FIG. 3 conceptually illustrates forming X and Y magnetic fields in a phantom. In the case of using the phantom manufactured to have a structure similar to the chest of the human body before the actual clinical experiment, the horizontal plane becomes X and the vertical plane becomes Y axis, and magnetic fields of X and Y axes are independently formed as shown in the drawing.

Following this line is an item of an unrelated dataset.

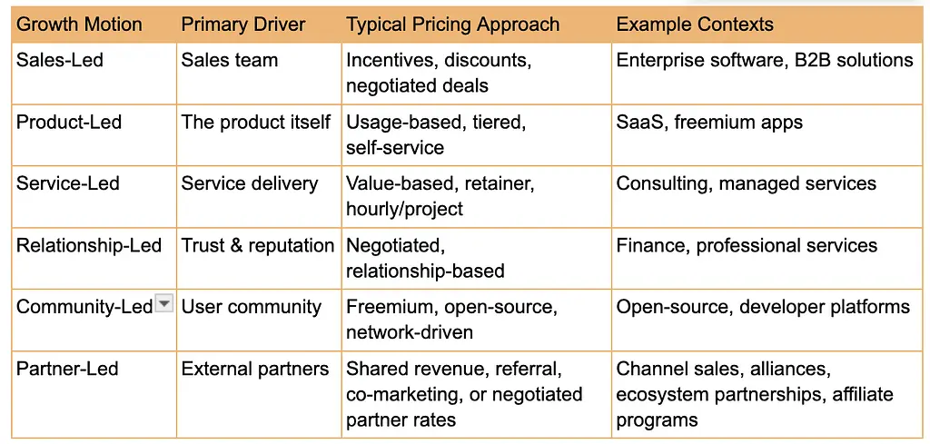 Here, you will want to align your model to that of how your customer will want to engage. Each motion is characterized by its unique approach to acquiring, retaining, and expanding customers, as well as its implications for pricing and organizational processes.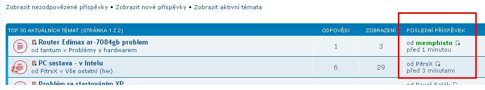 Update fóra "zalepil" několik bezpečnostních děr a měl by přinést i malé zlepšení ve výkonnosti fóra. Asi jediná viditelná změna pro běžného uživatele je změna zobrazování času od posledního příspěvku (např. v TOP XX), kdy se všechny příspěvky vytvořené před méně jak 1 hodinou zobrazují s popiskem "před X minutami..." viz. obr níže. Dále proběhl update MODu "RECENT TOPICS", který se stará o zobrazení TOP XX na úvodní straně. Update by měl výrazně zlepšit načítání úvodní strany (obsahuje efektivnější SQL dotazy), zároveň přináší několik vylepšení, jako je možnost rozložení TOP XX do několika stran. Tohoto jsme rovnou využili a tak je nyní TOP XX nově nastaveno na TOP 30 s tím, že je rozloženo do 2 stránek.

As described above, the present invention relates to a coil for chest imaging of an MRI apparatus, and constitutes a ladder-shaped coil in which a cage coil is modified among RF coils commonly used in an MRI apparatus. Chest imaging coil of the present invention is deformed in the hemispherical shape of one side of the cage coil so that the X, Y axis magnetic field is formed uniformly, so that the rods and condensers are arranged, all the capacitors at equal intervals It is arranged and equipped with a tuning capacitor that can adjust the center frequency of the X, Y axis magnetic field. The apparatus of the present invention has the effect of improving the signal-to-noise ratio (SNR) by constructing the chest capturing coil configured as described above, and adjusting the tuning capacitor to uniformly form the X and Y axis magnetic fields.

Claims (7)

In a breast coil for magnetic resonance imaging (MRI) imaging, It is composed of 8 rods in a hemispherical shape with one side of the cage coil open so that the X- and Y-axis magnetic fields are uniformly formed. A spherical chest coil, characterized in that for connecting and detecting the signals generated from the inspection object separated by the X, Y axis magnetic field, respectively. The spherical chest coil of claim 1, wherein the rod is a winding disposed at equal intervals to create an orthogonal field. The spherical chest coil according to claim 1, wherein the chest coil has a ladder shape connected to open the first rod and the eighth rod of the upper portion. The spherical chest coil of claim 1, wherein the values of the capacitors used in each of the rods are the same. According to claim 3, wherein the chest coil has at least three tuning capacitors for tuning the center frequency, of which at least two are for adjusting the center frequency of the X-axis magnetic field, at least one of the Y-axis magnetic field Spherical chest coil, characterized in that for adjusting the center frequency. 6. The method of claim 5, wherein at least one tuning capacitor (˜C _H ) is positioned between the third and sixth rods of the upper coil portion for adjusting the center frequency of the Y axis magnetic field, and for adjusting the center frequency of the X axis magnetic field. A spherical chest coil, characterized in that at least two tuning capacitors (˜C _H ) are connected between the first and eighth rods in the lower coil portion. 7. The apparatus of claim 6, wherein the at least two tuning capacitors for adjusting the center frequency of the X-axis magnetic field are positioned between the second and third rods of the lower portion to adjust the center frequency of the X-axis magnetic field. And a second tuning capacitor located between the sixth and seventh rods of the lower portion.